When I moved to the edge of the Peak District almost three years ago I was excited to think of all the wildlife that I could see just outside my house. We will be living next to a national park, I thought, there must be loads. Yet since moving here we have only seen the odd unusual animal and it’s been the exception rather than the rule.

I attended a talk given by the Derbyshire Wildlife Trust, where Tim Birch outlined what the Peaks could be like – with pine martins and red squirrels plentiful throughout. But why isn’t this already happening?

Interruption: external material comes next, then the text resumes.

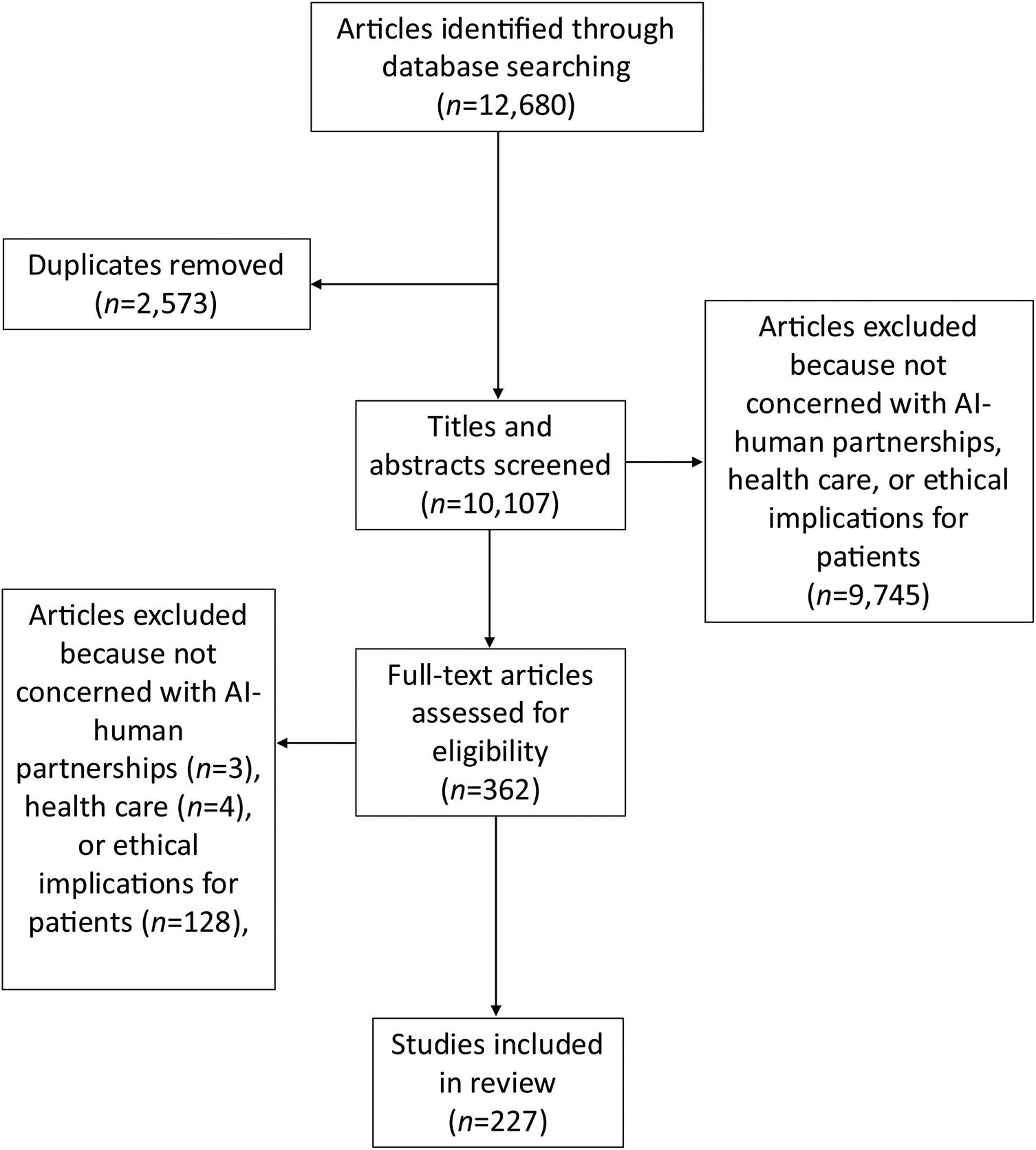Studies included in our review were required to be published or in press in a peer-reviewed journal or conference proceeding in English or have an accompanying English translation and mention AI in healthcare settings in the context of human input or oversight. Broadly, we conceptualized AI in healthcare as a partner to human activity and oversight rather than a sole agent operating independently. In accordance with the qualitative nature of our research question, articles were not required to be empirical in nature; editorials, reviews, and conference proceedings with content more substantial than single-paragraph abstracts were included in the review. To focus our findings on direct ethical implications for patients, we excluded articles that focused only on AI involvement in research paper writing and publishing, clinician education and training, or research that did not involve human participants.

It seems that the landscape in its current form favours one species, red grouse, over any other and the plants and wildlife that should exist in a national park are simply not there.

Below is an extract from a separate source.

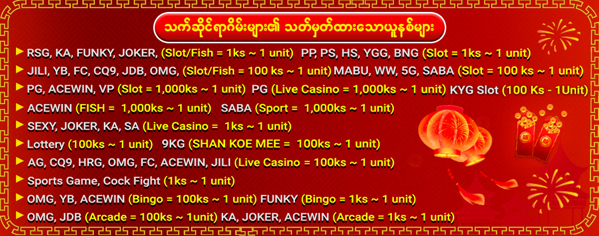 2. Slot ဂိမ္းအားလုံးတြက္ခ်က္ေပးပါသည္။(YGG ၊ ACE WIN မပါဝင္ပါ)အႏိုင္ရရွိေသာဆုမ်ားကို ႀကိမ္ေရတစ္ဆကစားၿပီးမွသာလွ်င္ေငြထုတ္ႏိုင္မည္။

As beautiful as the heather moorlands can be in full bloom, surely there should more a more diverse landscape for us to enjoy?

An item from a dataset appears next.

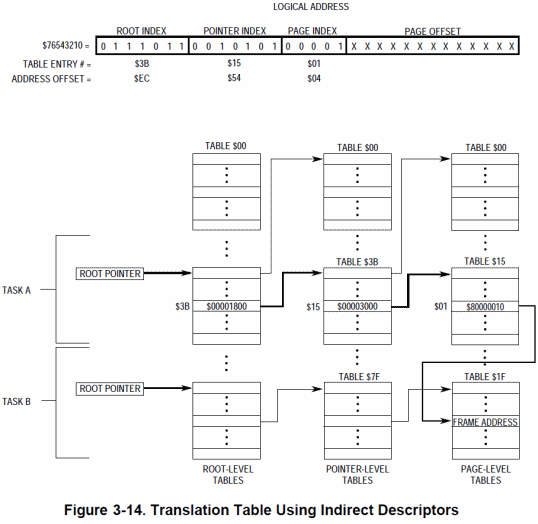 Infatti ognuna presenta due master page table (una per le pagine della modalità utente, e una per quella supervisore), registri di controllo, una coppia di registri per la traduzione trasparente di due aree di memoria e 64 elementi nell’Address Translation Cache (ATC) che memorizzano gli ultimi 4 indirizzi virtuali tradotti.

The landscape is managed in such an uninspiring way that it ultimately affects the bio-diversity of the Peaks, as well as reducing the landscape’s ability to help us deal with climate change and assist with flood reduction. Although there are still re-wilding projects going on in small clumps around the area, any re-introduction of species such as ospreys or golden eagles would probably result in death for any bird that happens to go near an unscrupulous gamekeeper with a gun, who perceives them as a threat to the red grouse.

A national park is a great outdoor playground for everybody—cyclists, walkers, climbers and many others—and not just for people who wish to shoot birds.

We could have people coming to the Peak District to see all this wildlife and then putting their money into local businesses all around the national park. Farmers could be properly paid to manage the land with grazing animals, and gamekeepers (who know these moors better than most) could be paid to show tourists the best parts of the Peaks. This vision is not un-realistic surely?

When you talk about poaching of elephants, rhinos and animals in other countries we Brits get annoyed, but maybe people should look at what is going on in their own country as well.

Tim referenced other re-wilding projects such as Knepp in Sussex where the landscape has returned to a more natural state. Knepp estate now has safaris running to show members of the public animals that have returned, such as purple emperor butterflies and nightingales.

So this kind of wildlife and landscape management is possible. All it needs is a bit of co-operation between those who work and play in the Peak District, and we could see a return to the diversity our own part of the world deserves.